• _Work required_
Transcribe the data exactly, pictures excluded.

Recorded data:
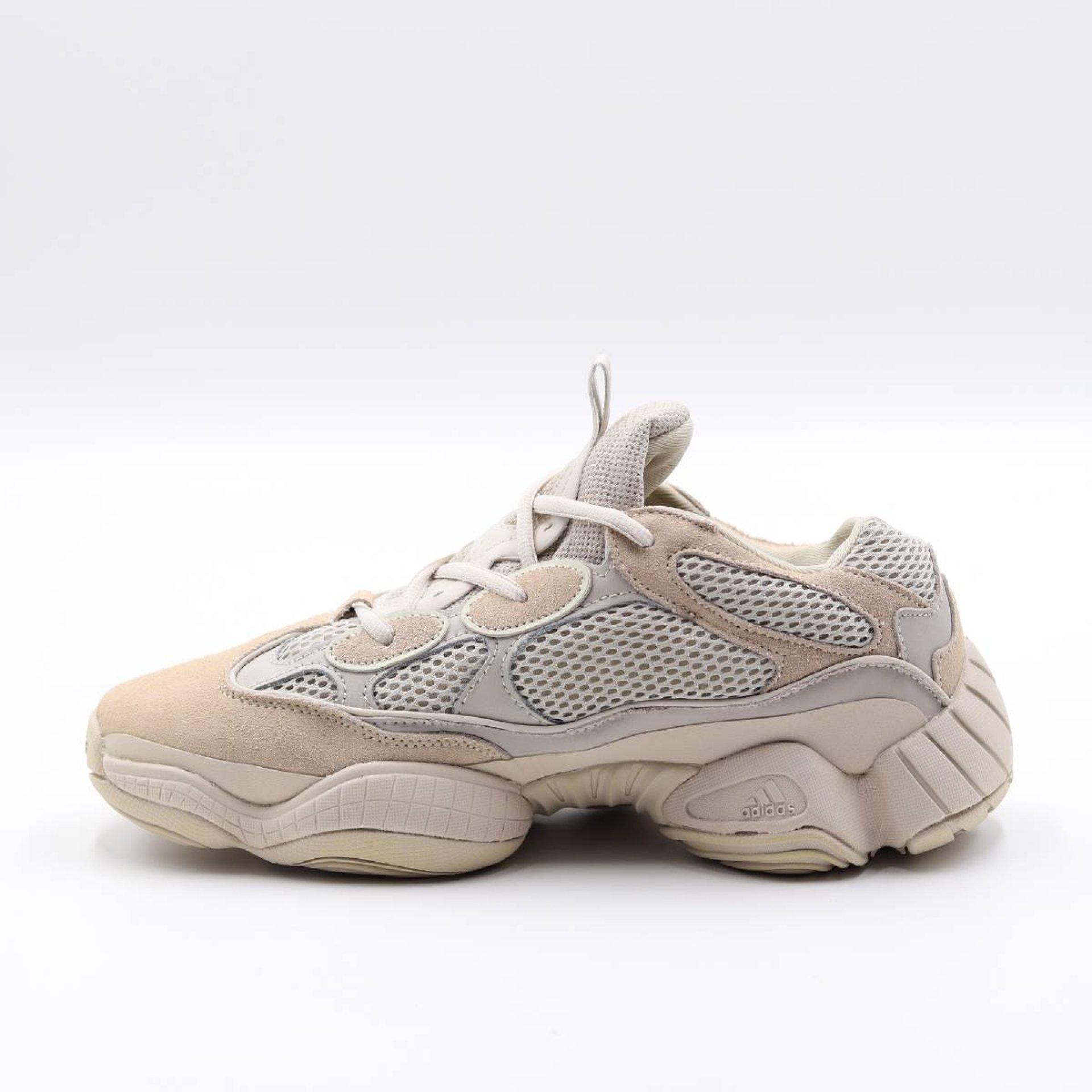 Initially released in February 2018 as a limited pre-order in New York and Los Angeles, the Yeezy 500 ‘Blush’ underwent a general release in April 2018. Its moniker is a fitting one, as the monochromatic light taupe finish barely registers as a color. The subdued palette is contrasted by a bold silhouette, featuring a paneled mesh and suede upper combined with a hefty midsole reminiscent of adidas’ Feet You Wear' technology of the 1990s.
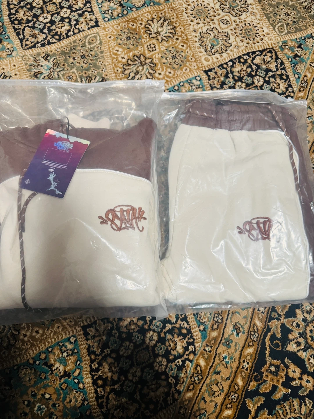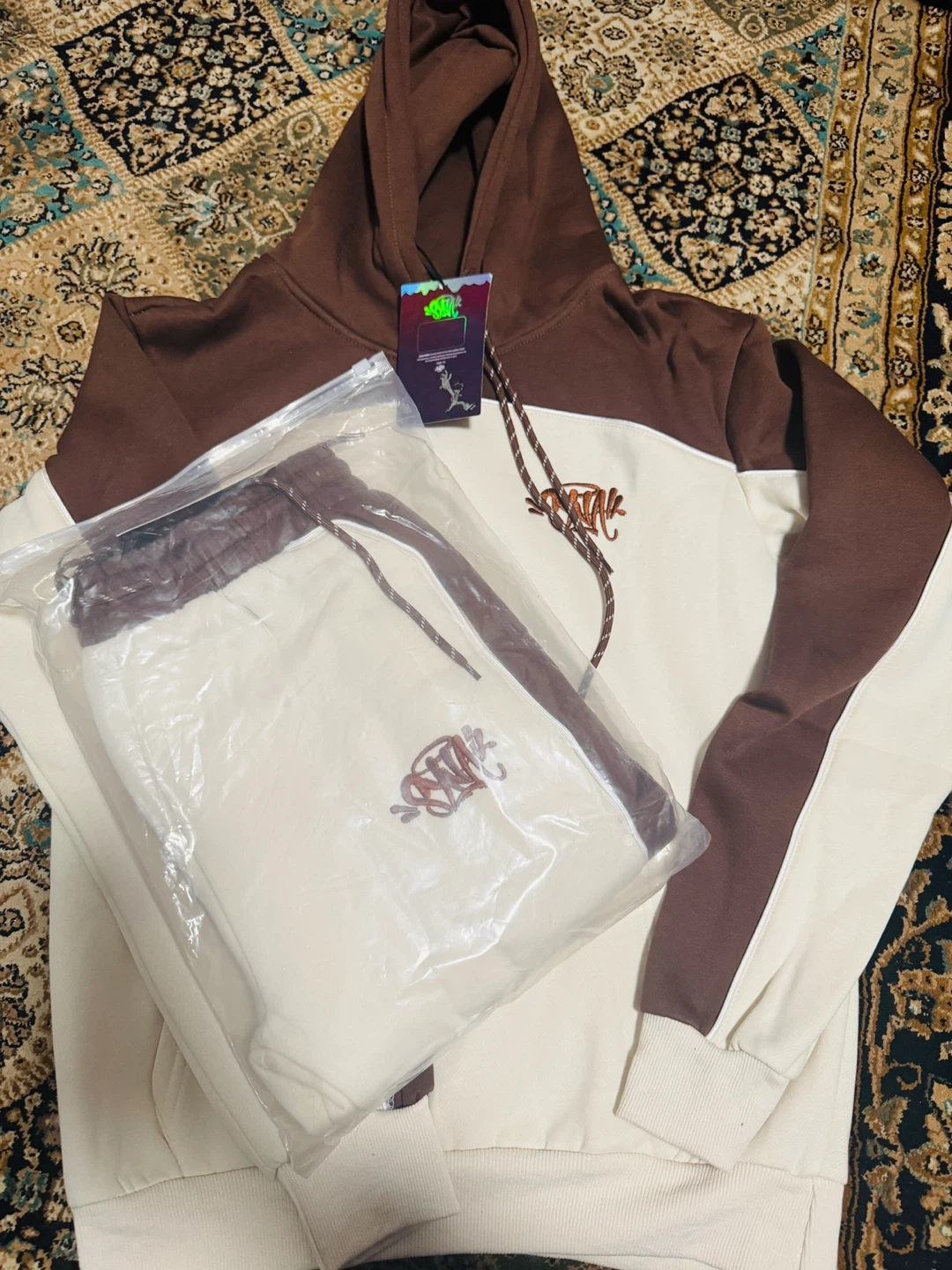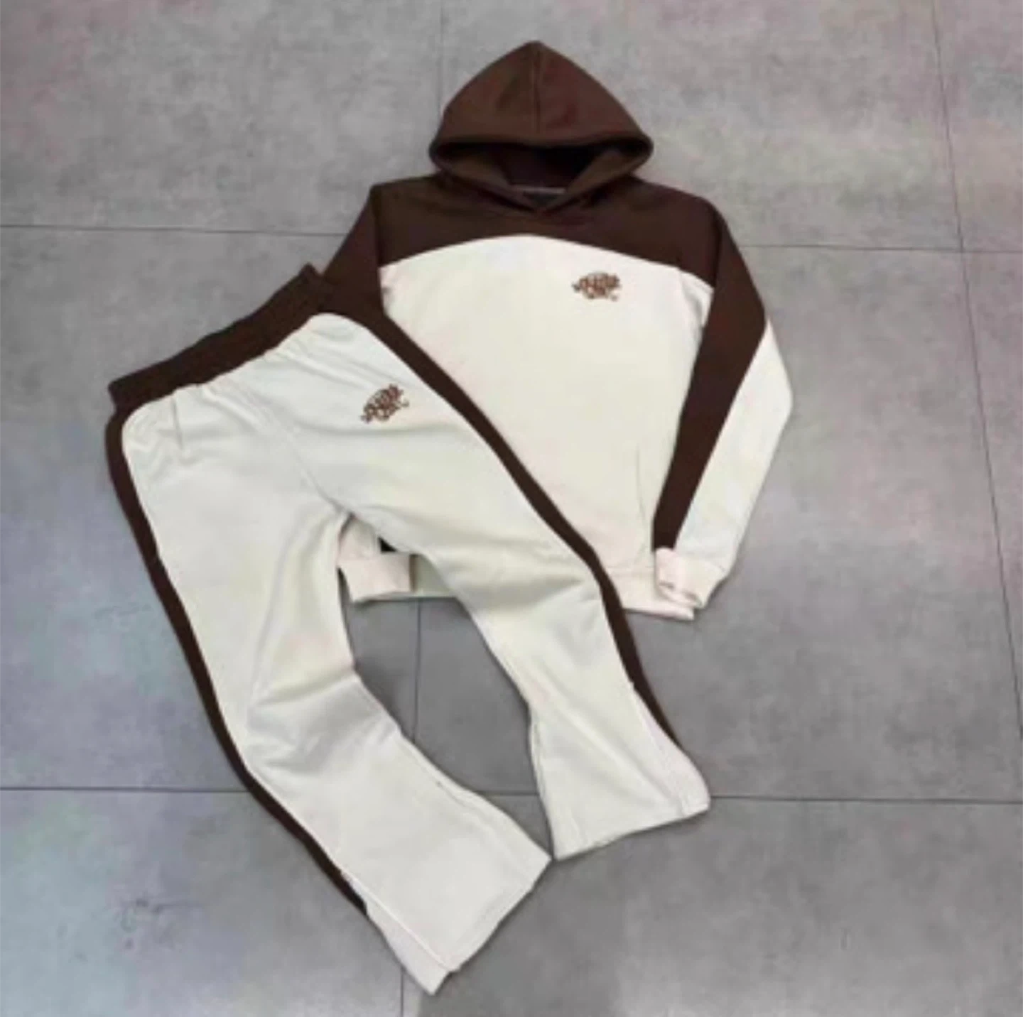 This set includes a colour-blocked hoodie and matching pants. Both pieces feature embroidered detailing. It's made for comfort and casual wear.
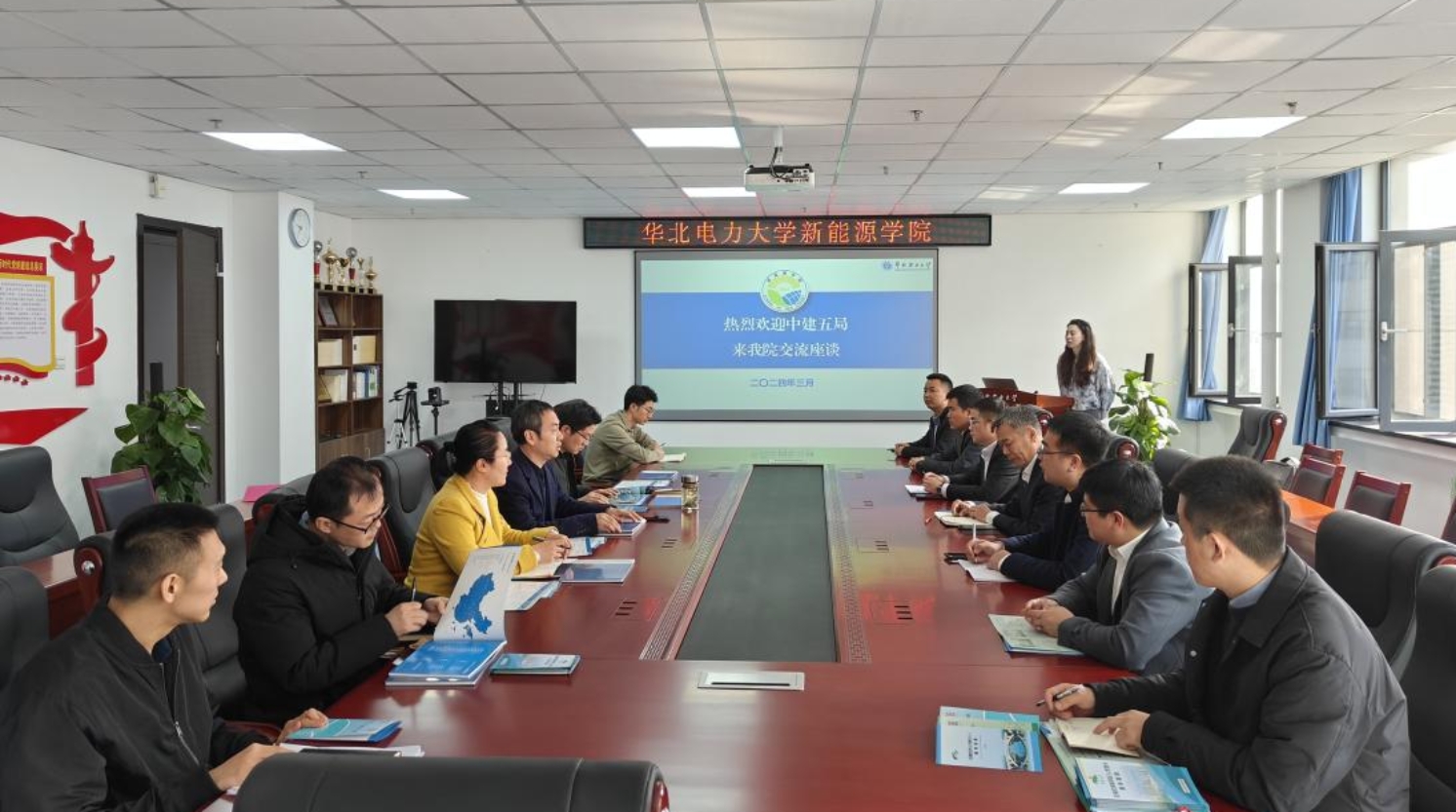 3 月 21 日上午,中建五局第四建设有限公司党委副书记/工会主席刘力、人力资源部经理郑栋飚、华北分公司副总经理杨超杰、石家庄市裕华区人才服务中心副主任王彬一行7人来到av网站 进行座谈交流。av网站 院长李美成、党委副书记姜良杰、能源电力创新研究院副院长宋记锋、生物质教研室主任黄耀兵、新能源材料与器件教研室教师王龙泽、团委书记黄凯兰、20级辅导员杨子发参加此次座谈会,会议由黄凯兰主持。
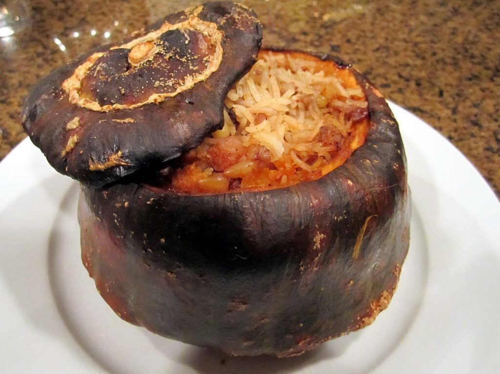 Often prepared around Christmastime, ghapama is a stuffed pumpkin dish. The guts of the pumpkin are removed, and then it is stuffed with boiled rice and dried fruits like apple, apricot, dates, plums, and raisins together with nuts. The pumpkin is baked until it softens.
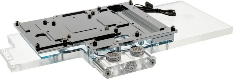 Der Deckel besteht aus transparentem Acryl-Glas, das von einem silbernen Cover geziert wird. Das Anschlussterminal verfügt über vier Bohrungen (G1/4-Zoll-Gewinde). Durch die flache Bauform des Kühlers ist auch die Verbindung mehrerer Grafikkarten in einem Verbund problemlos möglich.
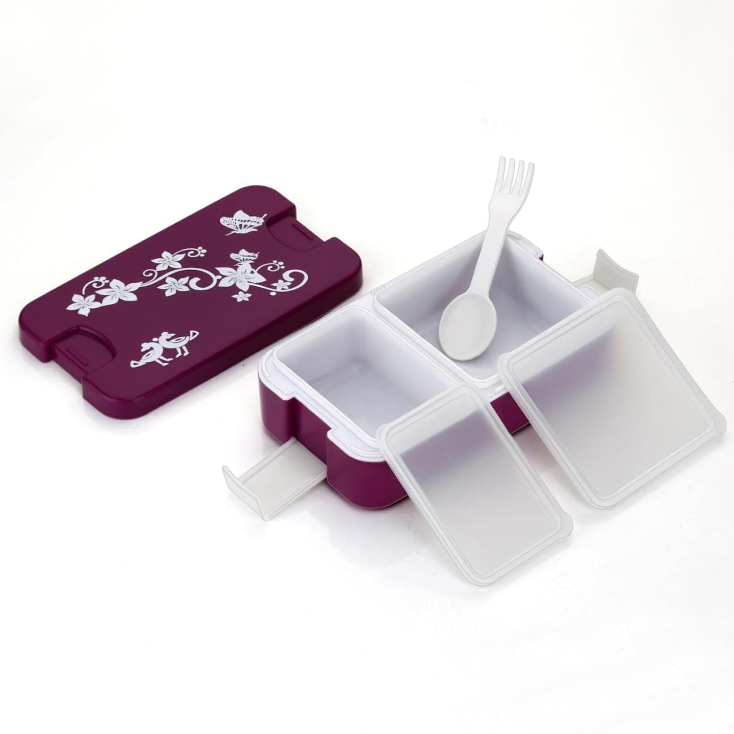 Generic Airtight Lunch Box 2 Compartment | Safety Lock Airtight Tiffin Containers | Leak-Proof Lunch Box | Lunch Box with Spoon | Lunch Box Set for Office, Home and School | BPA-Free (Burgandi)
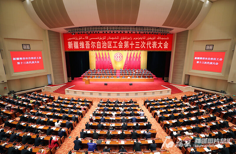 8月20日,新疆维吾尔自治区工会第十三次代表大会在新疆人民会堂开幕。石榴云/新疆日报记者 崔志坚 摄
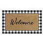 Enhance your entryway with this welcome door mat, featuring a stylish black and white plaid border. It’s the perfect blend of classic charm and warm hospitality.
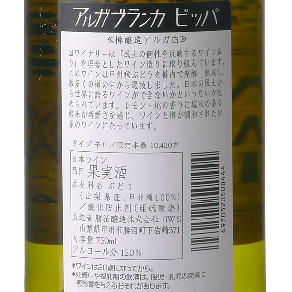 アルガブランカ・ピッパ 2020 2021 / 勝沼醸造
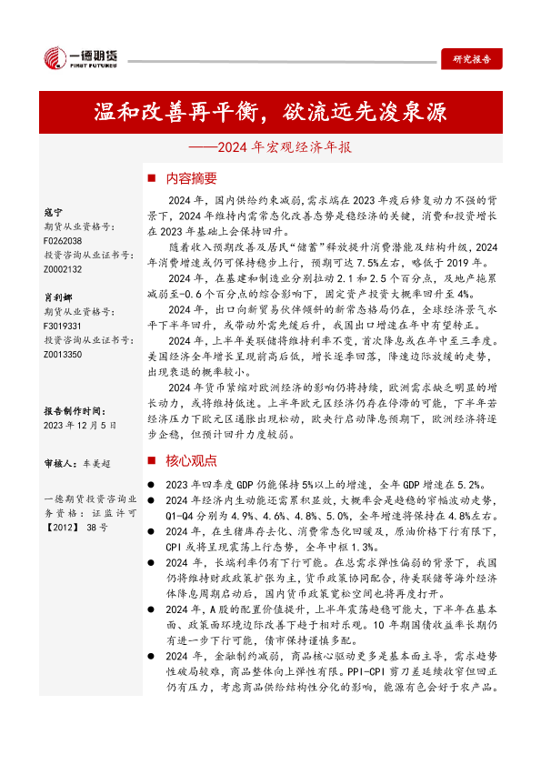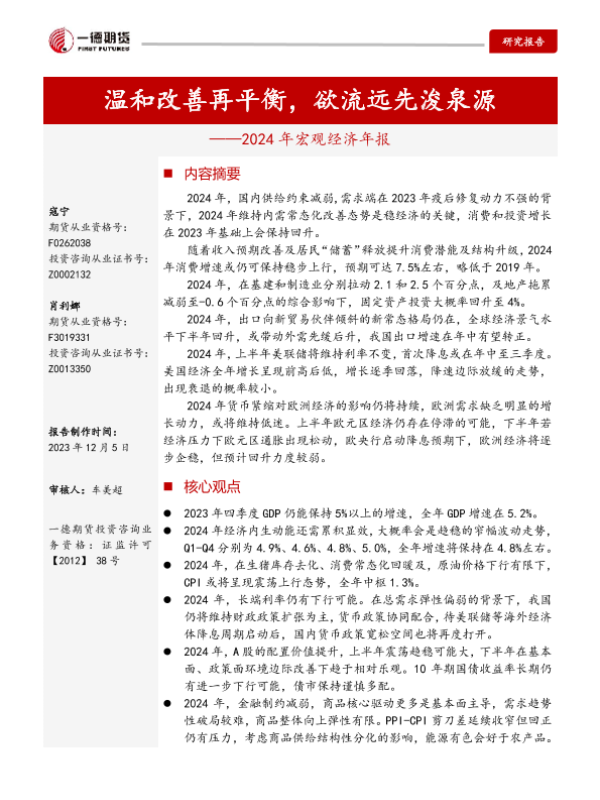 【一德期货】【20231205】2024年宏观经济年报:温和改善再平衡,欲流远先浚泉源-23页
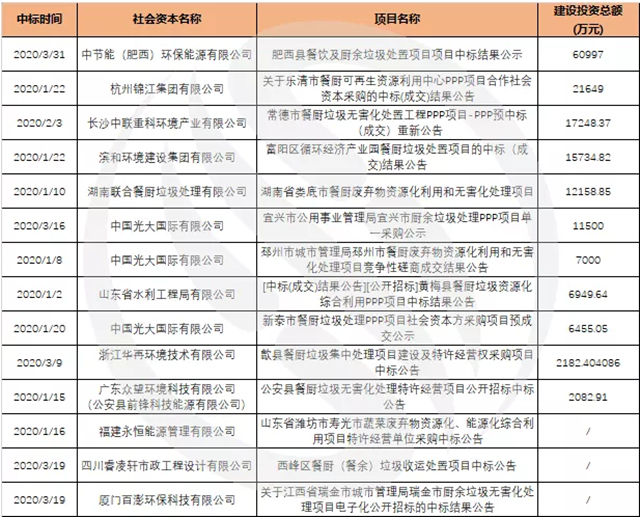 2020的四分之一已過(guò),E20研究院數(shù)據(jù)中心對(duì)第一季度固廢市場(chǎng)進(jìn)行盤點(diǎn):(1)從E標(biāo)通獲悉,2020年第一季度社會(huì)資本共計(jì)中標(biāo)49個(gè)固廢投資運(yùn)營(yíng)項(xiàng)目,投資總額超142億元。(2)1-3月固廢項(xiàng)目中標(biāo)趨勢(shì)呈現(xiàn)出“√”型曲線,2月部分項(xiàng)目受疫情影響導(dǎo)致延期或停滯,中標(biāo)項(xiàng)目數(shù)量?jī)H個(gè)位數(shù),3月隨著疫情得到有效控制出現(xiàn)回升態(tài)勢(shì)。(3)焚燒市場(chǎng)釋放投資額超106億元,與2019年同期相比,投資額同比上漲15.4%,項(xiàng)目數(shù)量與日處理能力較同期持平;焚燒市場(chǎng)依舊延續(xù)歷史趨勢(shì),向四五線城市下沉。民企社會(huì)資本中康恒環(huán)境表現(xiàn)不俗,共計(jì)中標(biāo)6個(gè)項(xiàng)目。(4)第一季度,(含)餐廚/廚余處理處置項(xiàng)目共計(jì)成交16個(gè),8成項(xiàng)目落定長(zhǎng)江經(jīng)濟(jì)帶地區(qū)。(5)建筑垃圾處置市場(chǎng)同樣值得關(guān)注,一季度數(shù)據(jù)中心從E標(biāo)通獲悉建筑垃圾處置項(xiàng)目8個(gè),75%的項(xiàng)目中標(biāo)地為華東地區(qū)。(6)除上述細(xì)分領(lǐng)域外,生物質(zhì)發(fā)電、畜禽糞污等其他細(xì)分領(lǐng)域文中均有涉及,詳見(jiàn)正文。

• _Output of the task_
 Initially released in February 2018 as a limited pre-order in New York and Los Angeles, the Yeezy 500 ‘Blush’ underwent a general release in April 2018. Its moniker is a fitting one, as the monochromatic light taupe finish barely registers as a color. The subdued palette is contrasted by a bold silhouette, featuring a paneled mesh and suede upper combined with a hefty midsole reminiscent of adidas’ Feet You Wear' technology of the 1990s.
 This set includes a colour-blocked hoodie and matching pants. Both pieces feature embroidered detailing. It's made for comfort and casual wear.
 3 月 21 日上午,中建五局第四建设有限公司党委副书记/工会主席刘力、人力资源部经理郑栋飚、华北分公司副总经理杨超杰、石家庄市裕华区人才服务中心副主任王彬一行7人来到av网站 进行座谈交流。av网站 院长李美成、党委副书记姜良杰、能源电力创新研究院副院长宋记锋、生物质教研室主任黄耀兵、新能源材料与器件教研室教师王龙泽、团委书记黄凯兰、20级辅导员杨子发参加此次座谈会,会议由黄凯兰主持。
 Often prepared around Christmastime, ghapama is a stuffed pumpkin dish. The guts of the pumpkin are removed, and then it is stuffed with boiled rice and dried fruits like apple, apricot, dates, plums, and raisins together with nuts. The pumpkin is baked until it softens.
 Der Deckel besteht aus transparentem Acryl-Glas, das von einem silbernen Cover geziert wird. Das Anschlussterminal verfügt über vier Bohrungen (G1/4-Zoll-Gewinde). Durch die flache Bauform des Kühlers ist auch die Verbindung mehrerer Grafikkarten in einem Verbund problemlos möglich.
 Generic Airtight Lunch Box 2 Compartment | Safety Lock Airtight Tiffin Containers | Leak-Proof Lunch Box | Lunch Box with Spoon | Lunch Box Set for Office, Home and School | BPA-Free (Burgandi)
 8月20日,新疆维吾尔自治区工会第十三次代表大会在新疆人民会堂开幕。石榴云/新疆日报记者 崔志坚 摄
 Enhance your entryway with this welcome door mat, featuring a stylish black and white plaid border. It’s the perfect blend of classic charm and warm hospitality.
 アルガブランカ・ピッパ 2020 2021 / 勝沼醸造
 【一德期货】【20231205】2024年宏观经济年报:温和改善再平衡,欲流远先浚泉源-23页
 2020的四分之一已過(guò),E20研究院數(shù)據(jù)中心對(duì)第一季度固廢市場(chǎng)進(jìn)行盤點(diǎn):(1)從E標(biāo)通獲悉,2020年第一季度社會(huì)資本共計(jì)中標(biāo)49個(gè)固廢投資運(yùn)營(yíng)項(xiàng)目,投資總額超142億元。(2)1-3月固廢項(xiàng)目中標(biāo)趨勢(shì)呈現(xiàn)出“√”型曲線,2月部分項(xiàng)目受疫情影響導(dǎo)致延期或停滯,中標(biāo)項(xiàng)目數(shù)量?jī)H個(gè)位數(shù),3月隨著疫情得到有效控制出現(xiàn)回升態(tài)勢(shì)。(3)焚燒市場(chǎng)釋放投資額超106億元,與2019年同期相比,投資額同比上漲15.4%,項(xiàng)目數(shù)量與日處理能力較同期持平;焚燒市場(chǎng)依舊延續(xù)歷史趨勢(shì),向四五線城市下沉。民企社會(huì)資本中康恒環(huán)境表現(xiàn)不俗,共計(jì)中標(biāo)6個(gè)項(xiàng)目。(4)第一季度,(含)餐廚/廚余處理處置項(xiàng)目共計(jì)成交16個(gè),8成項(xiàng)目落定長(zhǎng)江經(jīng)濟(jì)帶地區(qū)。(5)建筑垃圾處置市場(chǎng)同樣值得關(guān)注,一季度數(shù)據(jù)中心從E標(biāo)通獲悉建筑垃圾處置項(xiàng)目8個(gè),75%的項(xiàng)目中標(biāo)地為華東地區(qū)。(6)除上述細(xì)分領(lǐng)域外,生物質(zhì)發(fā)電、畜禽糞污等其他細(xì)分領(lǐng)域文中均有涉及,詳見(jiàn)正文。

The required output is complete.